Smart Money Dynamics Blocks — Pearson Matrix

4 giờ trước

Smart Money Dynamics Blocks — Pearson Matrix
A structural fusion of Prime Number Theory, Pearson Correlation, and Cumulative Delta Geometry.

1. Mathematical Foundation
This indicator is built on the intersection of Prime Number Theory and the Pearson correlation coefficient, creating a structural framework that quantifies how price and time evolve together.

Prime numbers — unique, indivisible, and irregular — are used here as nonlinear time intervals. Each prime length (2, 3, 5, 7, 11…97) represents a regression horizon where correlation is measured between price and time. The result is a multi-scale correlation lattice — a geometric matrix that captures hidden directional strength and temporal bias beyond traditional moving averages.

2. The Pearson Matrix Logic
For every prime interval p, the indicator calculates the linear correlation:

r_p = corr(price, bar_index, p)

Each r_p reflects how closely price and time move together across a prime-defined window. All r_p values are then averaged to create avgR, a single adaptive coefficient summarizing overall structural coherence.

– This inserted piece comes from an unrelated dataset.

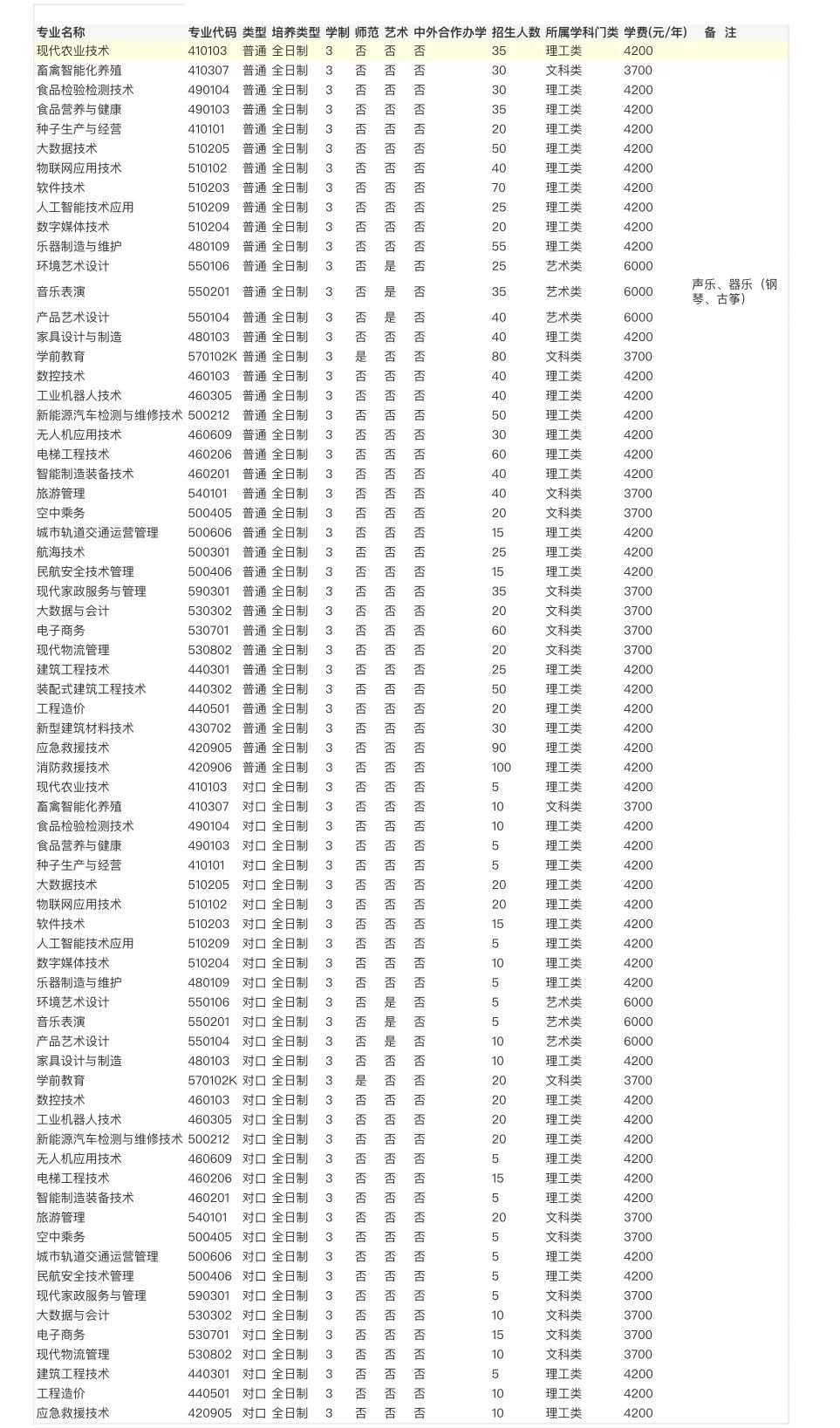 备注:以上专业均面向河南省招生,其中人工智能技术应用、新能源汽车检测与维修技术、乐器制造与维护专业同时面向河北省招生,智能制造装备技术、应急救援技术专业同时面向山东省招生。

- When avgR > 0.8 → strong positive correlation (labeled R+).
- When avgR < -0.8 → strong negative correlation (labeled R−).

This approach gives a mathematically grounded definition of trend — one that isn’t based on pattern recognition, but on measurable correlation strength.

3. Sequential Prime Slope and Median Pivot
Using the ordered sequence of 25 prime intervals, the model computes sequential slopes between adjacent primes. These slopes represent the rate of change of structure between two prime scales. A robust median aggregator smooths the slopes, producing a clean, stable directional vector.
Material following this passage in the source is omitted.